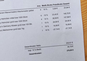 Ein Star frisst täglich etwa 130 Heimchen, einige Mehlwürmer, Wachsmaden und Früchte. Die Futterkosten betragen pro Tag 3,50 Euro je Star. Bei durchschnittlich 20 Pflegetagen macht das 70 Euro je Star. 2022 wurden bis jetzt 15 Stare im Nestlingsalter betreut. Das sind also Kosten von ca. 1.050 Euro.
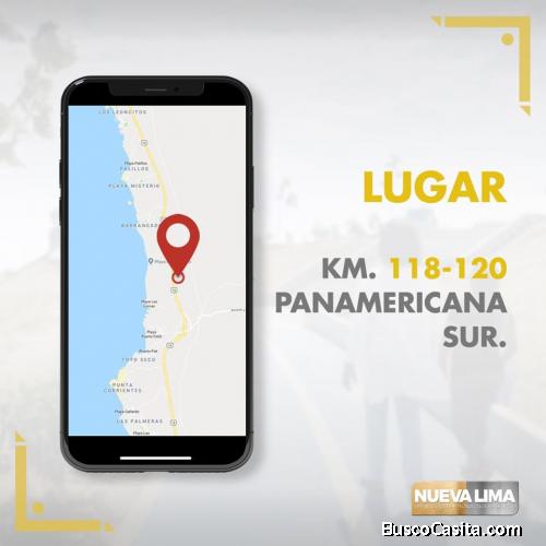 Buenas tardes mis amigos Inversionistas, Empresarios, Comerciantes, Profesionales de las diversas áreas, Colegas y Publico en general , Hoy les presento este hermoso Megaproyecto Inmobiliario Urbano, que lleva como nombre LA NUEVA LIMA (la primera ciudad tecnoecologica del Perú), se encuentra Ubicado , aquí muy cerca de nuestra Lima Clásica, en los Kmts 117 - 120 de la Panamericana Sur, en plena Panamericana , como ven tiene Tres Kilómetros de frontera que le permite disfrutar entre otras bondades, de 03 Playas Publicas, como son EL MISTERIO EL EMBARCADERO CHEPECONDE , se encuentra Ubicada finalizando el Distrito de Asia y comenzando el Distrito de Cerro Azul, tiene como Área Total 1,480 Hectáreas !! para el disfrute de sus Propietarios y familiares, es y sera una Nueva Ciudad, con Urbanizaciones, Condominios, Zonas Empresariales, Comerciales, Agro- Industriales, Deportivas ( Estadio Olimpik Center) Recreativas ( Lima Land / Parque de Diversiones ), Educacionales ( Universidades, Institutos, Academias, Colegios, etc) de Salud ( Clínicas, Consultorios, Postas ), Mercado Mayorista , Centros Comerciales, Comisarias, Cia. de Bomberos, Entidades Publicas y Privadas., etc.... lo mas importante el Inversionista, es decir el que adquiere Su Terreno, lo hace con total y absoluta Seguridad en su Inversión ,ya que los Terrenos son de PROPIEDAD PRIVADA, y están Saneados, Independizados e Inscritos en los Registros Públicos SUNARP, como Único y real Propietario, les pertenece a la CORPORACION ZOLLA SAC, mayores detalles, de los Lotes Disponibles, las Urbanizaciones que tenemos, las Zonas Comerciales que estamos VENDIENDO, pueden Contactarse con nosotros, estamos a su disposición para asesorarlos, Servirlos y hacer que su Sueño, su meta su anhelo de Ser Un Propietario mas de los 2,000 que Somos en la actualidad, se logre CONCRETAR para el disfrute de Ud y su familia !!!..... Proyecto Inmobiliario Urbano LA NUEVA LIMA ..Un nuevo concepto de Vivir con Calidad ,Bienestar , Seguridad y en Felicidad !!!
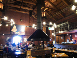 ラム肩ロース400gをどーんと鉄板焼きスタイルで出す名物メニュー「ジンギスカンビヤホール風」。明治の面影が残るレンガ倉庫で、自家醸造ビールのジョッキを片手に。
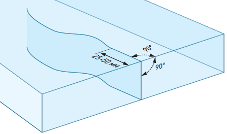 Подобное разрушение от термошока можно идентифицировать, посмотрев на край разрушенного стекла: разлом стекла во всех случаях будет перпендикулярен как самой плоскости стекла, так и его краю (рис. 6).

◆ PROBLEM REQUIREMENTS ◆
Copy out the full material exactly. Pictures should not appear in it.

◆ WRITTEN RESPONSE ◆
 Ein Star frisst täglich etwa 130 Heimchen, einige Mehlwürmer, Wachsmaden und Früchte. Die Futterkosten betragen pro Tag 3,50 Euro je Star. Bei durchschnittlich 20 Pflegetagen macht das 70 Euro je Star. 2022 wurden bis jetzt 15 Stare im Nestlingsalter betreut. Das sind also Kosten von ca. 1.050 Euro.
 Buenas tardes mis amigos Inversionistas, Empresarios, Comerciantes, Profesionales de las diversas áreas, Colegas y Publico en general , Hoy les presento este hermoso Megaproyecto Inmobiliario Urbano, que lleva como nombre LA NUEVA LIMA (la primera ciudad tecnoecologica del Perú), se encuentra Ubicado , aquí muy cerca de nuestra Lima Clásica, en los Kmts 117 - 120 de la Panamericana Sur, en plena Panamericana , como ven tiene Tres Kilómetros de frontera que le permite disfrutar entre otras bondades, de 03 Playas Publicas, como son EL MISTERIO EL EMBARCADERO CHEPECONDE , se encuentra Ubicada finalizando el Distrito de Asia y comenzando el Distrito de Cerro Azul, tiene como Área Total 1,480 Hectáreas !! para el disfrute de sus Propietarios y familiares, es y sera una Nueva Ciudad, con Urbanizaciones, Condominios, Zonas Empresariales, Comerciales, Agro- Industriales, Deportivas ( Estadio Olimpik Center) Recreativas ( Lima Land / Parque de Diversiones ), Educacionales ( Universidades, Institutos, Academias, Colegios, etc) de Salud ( Clínicas, Consultorios, Postas ), Mercado Mayorista , Centros Comerciales, Comisarias, Cia. de Bomberos, Entidades Publicas y Privadas., etc.... lo mas importante el Inversionista, es decir el que adquiere Su Terreno, lo hace con total y absoluta Seguridad en su Inversión ,ya que los Terrenos son de PROPIEDAD PRIVADA, y están Saneados, Independizados e Inscritos en los Registros Públicos SUNARP, como Único y real Propietario, les pertenece a la CORPORACION ZOLLA SAC, mayores detalles, de los Lotes Disponibles, las Urbanizaciones que tenemos, las Zonas Comerciales que estamos VENDIENDO, pueden Contactarse con nosotros, estamos a su disposición para asesorarlos, Servirlos y hacer que su Sueño, su meta su anhelo de Ser Un Propietario mas de los 2,000 que Somos en la actualidad, se logre CONCRETAR para el disfrute de Ud y su familia !!!..... Proyecto Inmobiliario Urbano LA NUEVA LIMA ..Un nuevo concepto de Vivir con Calidad ,Bienestar , Seguridad y en Felicidad !!!
 ラム肩ロース400gをどーんと鉄板焼きスタイルで出す名物メニュー「ジンギスカンビヤホール風」。明治の面影が残るレンガ倉庫で、自家醸造ビールのジョッキを片手に。
 Подобное разрушение от термошока можно идентифицировать, посмотрев на край разрушенного стекла: разлом стекла во всех случаях будет перпендикулярен как самой плоскости стекла, так и его краю (рис. 6).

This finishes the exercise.